Actual position - consent can be refused on grounds of environmental impact even if there is no EIA.

Every large project will require EIA 

Scale makes EIA more likely but it is not determinative. For example, development on a 207Ha site for 98MW of solar and 100MW of battery storage did not require EIA. 

Requirements of Schedule 2 

There are misconceptions because some of the Schedule 2 categories are broad and vague, eg. "urban development projects";  and the categories do not necessarily reflect modern development types or technologies, particularly in the renewable energy sector. That gives scope for inconsistent approaches to screening.  

Salami-slicing “the project”

The court decisions indicate that developments cannot be split into component parts to avoid or reduce the scope of EIA. However, although there are frequent complaints about salami-slicing, those are rarely upheld by the courts. The "bridge to nowhere" is an exception. 

EIA is not required under permitted development (PD) rights 

The actual position is that EIA development is excluded from PD rights. That explains the recent legal challenge to a screening in relation to demolition in Glasgow - if EIA was required, the demolition could not proceed without submission of a planning application. 

Scoping – needs to include the “usual” chapters

Not necessarily. The point of scoping is for the EIA undertaken to be focussed and relevant. A shorter but bespoke EIAR is likely to be of more benefit than a comprehensive one based on a standard template. The precautionary principle does not apply - only to habitats regulation appraisal. 
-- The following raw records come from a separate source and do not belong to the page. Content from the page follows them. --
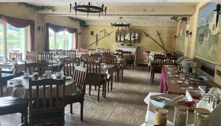
Frühstücksraum mit Blick auf die Elbe

23 Doppelzimmer, 5 Einzelzimmer, 1 Dreibettzimmer Preis: 89,-Euro/Person/Nacht Der Preis beinhaltet Frühstück, Halbpension (Abendessen nach a la Carte), Parkplatz, Kurtaxe, 5 Tage steht das Hotel einschließlich Biergarten dem Verein zur Verfügung, Sollte die Bettenkapazität nicht ausreichen gibt es Pensionen in der Nähe, wir organisieren das, Generell: Vergabe der Zimmer nach Reihenfolge der Anmeldungen. Zimmerpreis ist nach Auslastung des Hotels berechnet und beinhaltet zusätzlich die Halbpension.
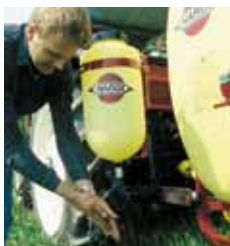
Depósito de agua limpia 15 l.
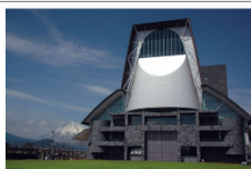
静岡県コンベンションアートセンター グランシップ

駐車場は、普通乗用車400台(うち車椅子使用者用7台)がご利用頂けますが催事の開催状況によっては満車となる場合があります。近隣には他の駐車場がありませんので、できるだけ公共交通機関をご利用くださいますようお願い申し上げます。
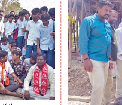
అభివృద్ధి పనులను పరిశీలిస్తున్న కాంగ్రెస్ నాయకులు
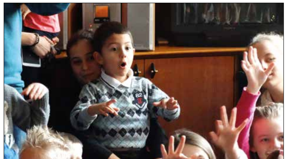
Колко много нови приятели!
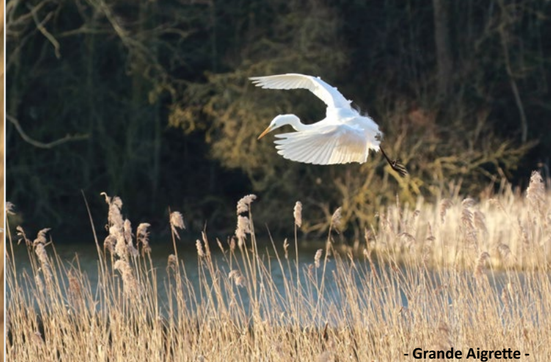
- Grande Aigrette -
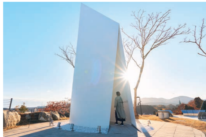
モニュメントは、公園設置時のアイデアコンペ入賞作品を融合させデザインされたもので、アーチ・船・扉・灯台・合掌などを表現している。

気仙沼市のシンボルの一つ「安波山(あなばさん)」の麓に位置し、埋蔵文化財や化石などが多く見られ、歴史的な特徴がある場所です。戦国時代には戦の陣が張られたとも言われています。震災時は、近隣の方々が避難した場所でもありました。市街地からほど近く気仙沼の海と街並みを見渡せる立地を生かし、多くの方々の寄附により祈りの場として整備されました。園内に配置された彫刻が伝承を担い、被災した人々の心の記憶や感情を静かに伝えます。
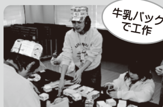
牛乳パック de 工作
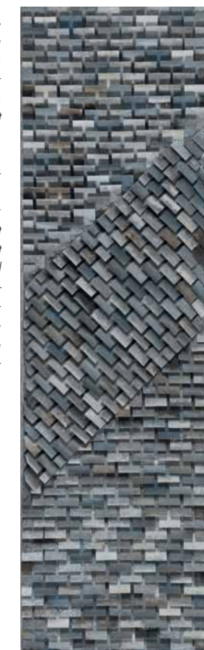
Cinétique, Pascal Catry

bleu Oxymore - Obscure clarté , réalisé à partir de 2000 plumes de canard sélectionnées pour leur rigidité et qualités graphiques. Artisan plumassière, elle s'attache à « faire de la plume autre chose que ce qu'on a en tête, à varier les supports au maximum en la remettant au goût du jour ». C'est l'apprentissage du métier de costumière qui lui ouvre les portes de ce monde au potentiel insoupçonné. Bol d'air entre deux commandes pour la mode ou le spectacle, elle exprime dans ses œuvres sa vision et sa sensibilité autour de cette matière, tout en soulignant n'avoir rien inventé : « Les aztèques réalisaient déjà des tableaux de plumes ». Teintes en noir, en hommage à l'œuvre Outrenoir de Pierre Soulages, les plumes sont transmutes, elles absorbent le regard pour mieux s'y perdre, car « le noir n'est jamais noir, il attrape la lumière et renvoie des reflets verts, violets, il devient émetteur de clarté, de lumière secrète ». Apprivoisée, comprise, sublimée, la plume, matière vivante par excellence, nous invite à nous laisser séduire par son pouvoir hypnotique.
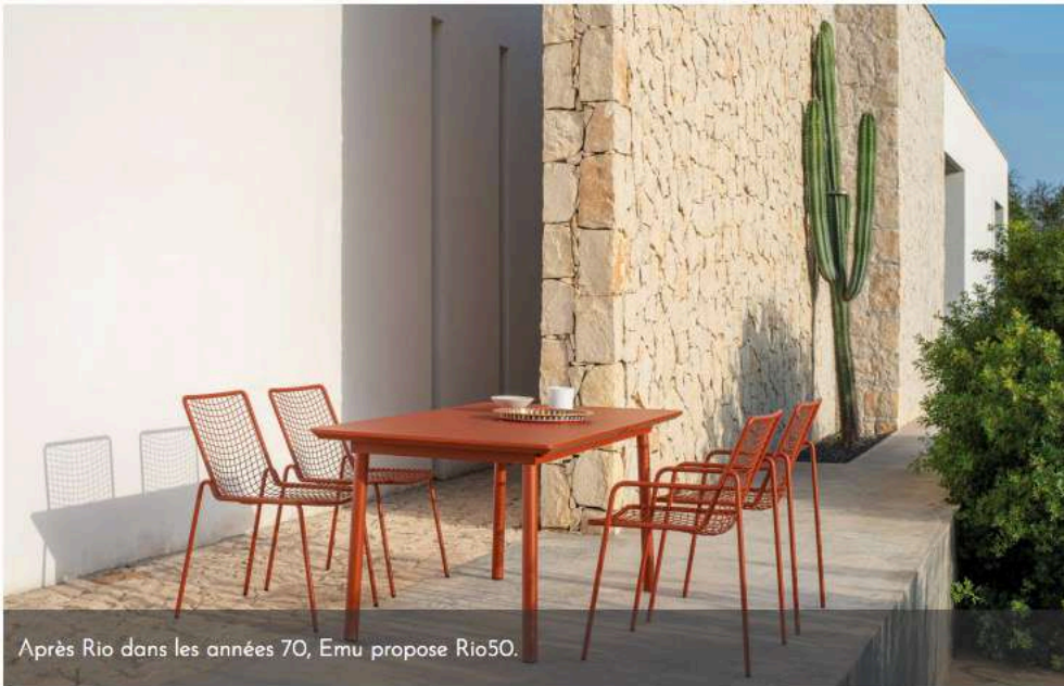
Après Rio dans les années 70, Emu propose Rio50.
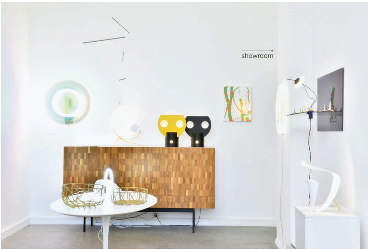
Kissthedesign in Lausanne: Corine Stübi und Yanick Fournier zeigten erst Kunst, nun kombinieren sie Vintage-Möbel mit limitierten Editionen.
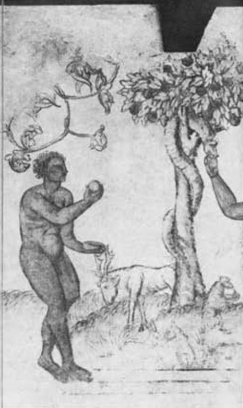
2. Eve cueillant la pomme et Adam mangeant le fruit défendu
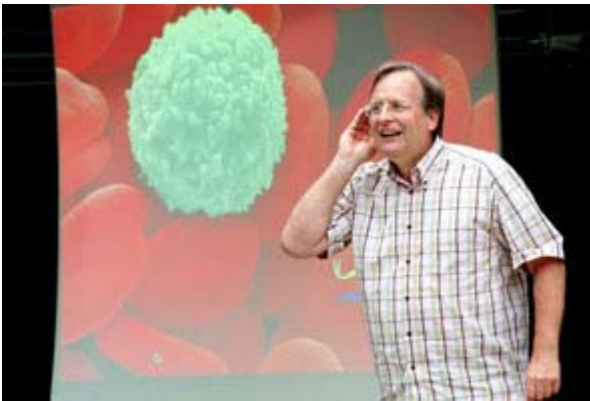
KinderUni "Der kleine Medicus" (1)

Zu dieser Meldung können wir Ihnen folgende Medien anbieten:
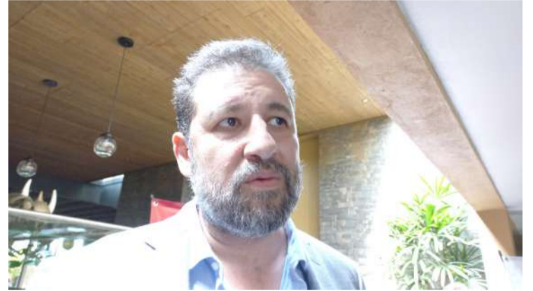
DE ACUERDO CON la Cámara Mexicana de la Industria de la Construcción (CMIC) en Morelos no hay inversión para las empresas constructoras.

mestre del año, no se percibe un avance en el estado en materia de infraestructura.
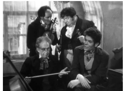
1937 UN GRAND AMOUR DE BEETHOVEN d'Abel Gance avec André Nox, Pierre Pauley, Roger Blin
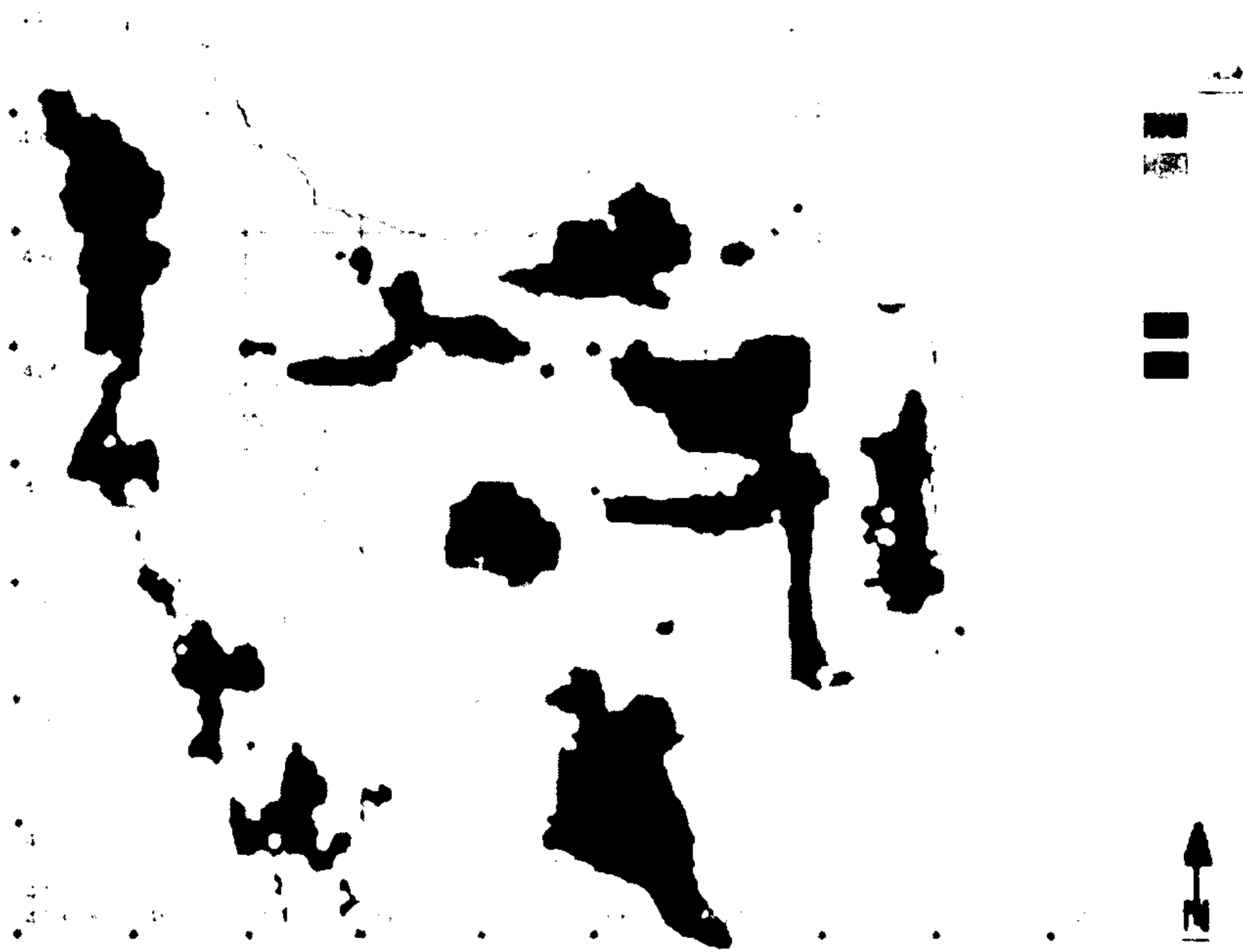
نقشه ۳: پهنه بندی اقلیمی معدوده مطالعاتی در سیستم طبقه بندی ساده سیلیانینف
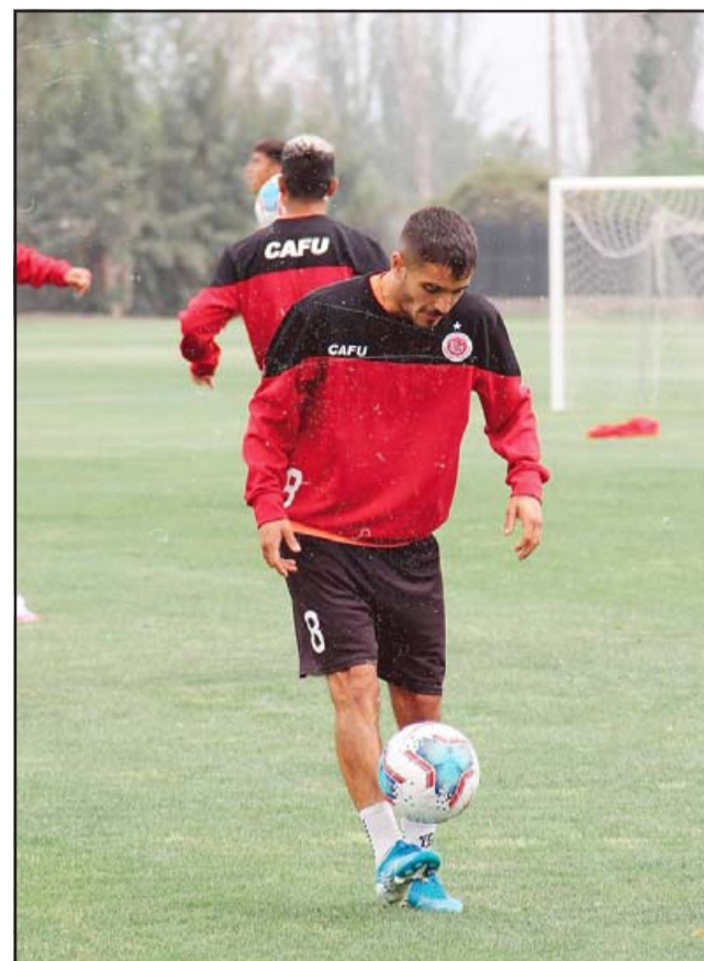
El equipo sanfelipeño intentará sacar partido del mal momento por el que atraviesa 'El Pije'.
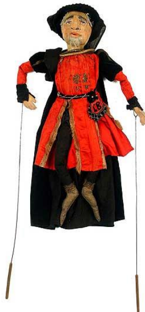
Slika 4. Lutka javajka
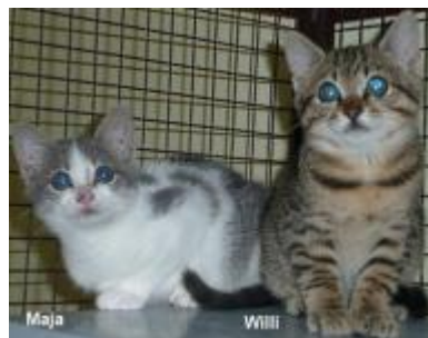
Wo dürfen Maja & Willi einziehen?
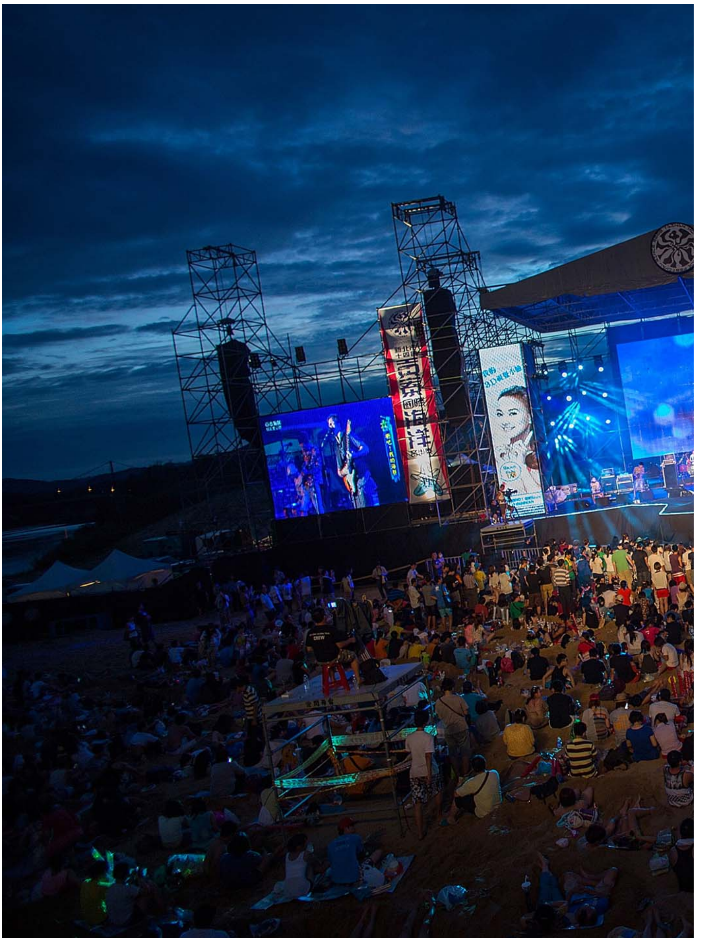
台灣樂團蘇打綠2013年的搖滾音樂節上在沙灘演出。

台灣對於搖滾樂的討論進程，相對不同。在九〇年代，仍有「地下樂團」的說法，千禧年後，「獨立樂團」之「正名」取而代之，不再說人家地下。樂團非常快速的走入流行音樂與文藝青年之間，塑造出明星，以及樂團與粉絲之間各種特殊情感，又比方說，音樂節文化的開展、live house 蓬勃、樂團分眾市場的定位，整個時序、討論過程跟中國搖滾樂是有蠻大不同的。這是基礎上，「樂夏」的討論型態，在台灣不容易成立的原因：一檔節目成立的前世今生，背景脈絡極為重要。

EIA needs to show no alternative sites 

This is the actual requirement: 

“A description of the reasonable alternatives (for example in terms of development design, technology, location, size and scale) studied by the developer, which are relevant to the proposed project and its specific characteristics, and an indication of the main reasons for selecting the chosen option, including a comparison of the environmental effects.”

EIA is a waste of time – it does not affect the outcome

If consultants say “no go” at the beginning, the project is unlikely to proceed to EIA; and EIA is part of iterative design process, to avoid the final design having unacceptable impacts.

Significant impacts mean refusal of planning permission

The environmental information is only one of many factors to be taken into account in deciding whether to grant consent. The issue is the weight given to each factor, and the overall "planning balance".

Judicial review is a significant risk 

To borrow the language of EIA, the magnitude of the risk is significant but the likelihood of it actually occurring is low. In Scotland, we continue to see relatively few judicial review challenges. That said, nobody wants their development to be the exception to the rule…

Much of EIA consists of exercise of professional judgment, and the courts have made it clear they will not get involved unless the judgment is irrational or perverse.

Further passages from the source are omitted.